Prices in Russia grow constantly, all markets — from food to construction — are affected. The CBR has to balance between the necessity of keeping prices from growing and not going too far by destroying the origin of economic growth. These processes have different vectors and require fine tuning. This balance hasn’t yet been found.

Growth of inflation in the world and Russia

The USA is the source of global inflation, it already has had the highest inflation since 1990. The status of issuer of the world’s key currency obliges it to take decisive actions to stimulate the economy, which was done, and trillions of dollars were issued. As a consequence, prices for everything soared — feedstock, food and so on. The expected correction in commodity markets didn’t happen — the growth of prices for them partly cancels the tighter monetary policy around the world.

In Russia, the anomalous growth of inflation began in late 2020 when the ruble devaluated, which added fuel to the fire. The impact of this factor is assessed at 1,5%. In other words, if not the ruble rate’s fall, we could have kept inflation at 4% (as the CBR planned). Earlier this year, prices grew at such a pace that the state had to take state control measures, which led to a more rapid growth.

A lot of experts doubt that only a monetary policy can cope with inflation. According to the tone of the CRB’s statements this year, the growth of prices is primarily conditioned by stable factors — when demand outstrips supply. Earlier this year, the CBR considered that the increase in world prices for goods propelled inflation, it was supposed to be a temporary occurrence.

There is an interesting moment here: a currency is needed for imports, while we see an interesting incoherence in the range of rates. In November 2020, oil fell below $40 per barrel, the ruble decreased to 80 rubles per dollar. Today oil is sold for over 75% per barrel, whereas the ruble stays at 75 rubles per dollar. It feels like the CBR purposefully keeps the ruble cheap — to help exporters and the budget (to raise incomes and lower obligations). The CBR has to buy currencies within the current budget rule in today’s situation. Our international reserves grow, so does inflation. With a lower dollar rate, as consumers we wouldn’t pay so much for imports.

The CBR thinks that prices are growing this autumn due to one-time factors, especially in agriculture. The main danger of the growth in this sector is that the higher price for basic goods for the population (milk, meat, vegetables) can raise inflation expectations. Also, due to a shortage of components and feedstock, logistic problems and troubles in the labour market, supply cannot meet the growing demand. In a situation with restricted supply, this brings to a rise in prices for goods.
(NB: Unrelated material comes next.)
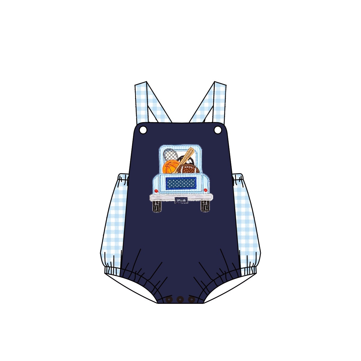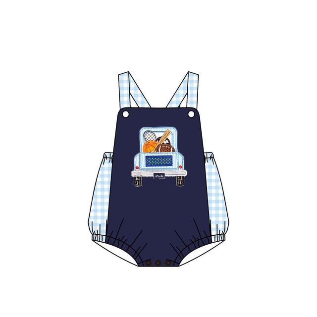 Sleeveless play balls truck plaid baby boys romper - 0-3M is backordered and will ship as soon as it is back in stock.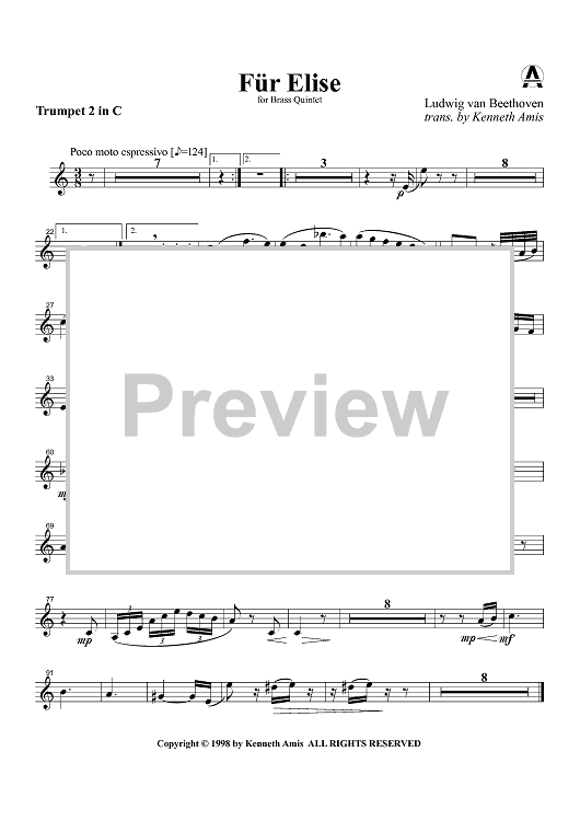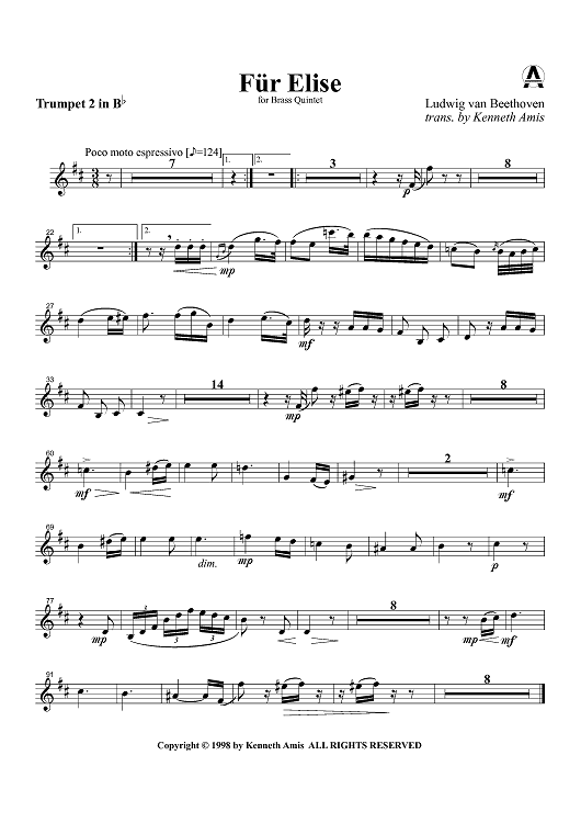 "Für Elise - Trumpet 2" Sheet Music by Ludwig van Beethoven

Regulator hastened to make forecasts

In conclusion, I would like to note that the population’s inflation expectations in October, according to the CBR’s poll, are high, 13,6%. In July, the CBR noted an improvement in the situation with food inflation and weaker inflation pressure in general in June and July. The tone of the CBR’s comments then spoke about a limited growth potential of the rate. The autumn decisions and further scheduled hardening of the monetary policy say that the CBR hastened to make favourable forecasts.

In general, given the current price rise dynamics, one shouldn’t wait for a significant slowdown in inflation till the end of the year. The price growth is too far from the CBR’s targets. A rise in the key rate to 8,5% by the end of the year will not be a surprise. Growing attractiveness of Russian assets, which will lead to an influx of foreign capital into our financial markets, thus supporting the ruble, will be the edge of the rise. It is not ruled out that the ruble will increase to 69 rubles per dollar and 81 rubles rubles per euro.

Artur Safiulin

The author’s opinion does not necessarily coincide with the position of Realnoe Vremya’s editorial board.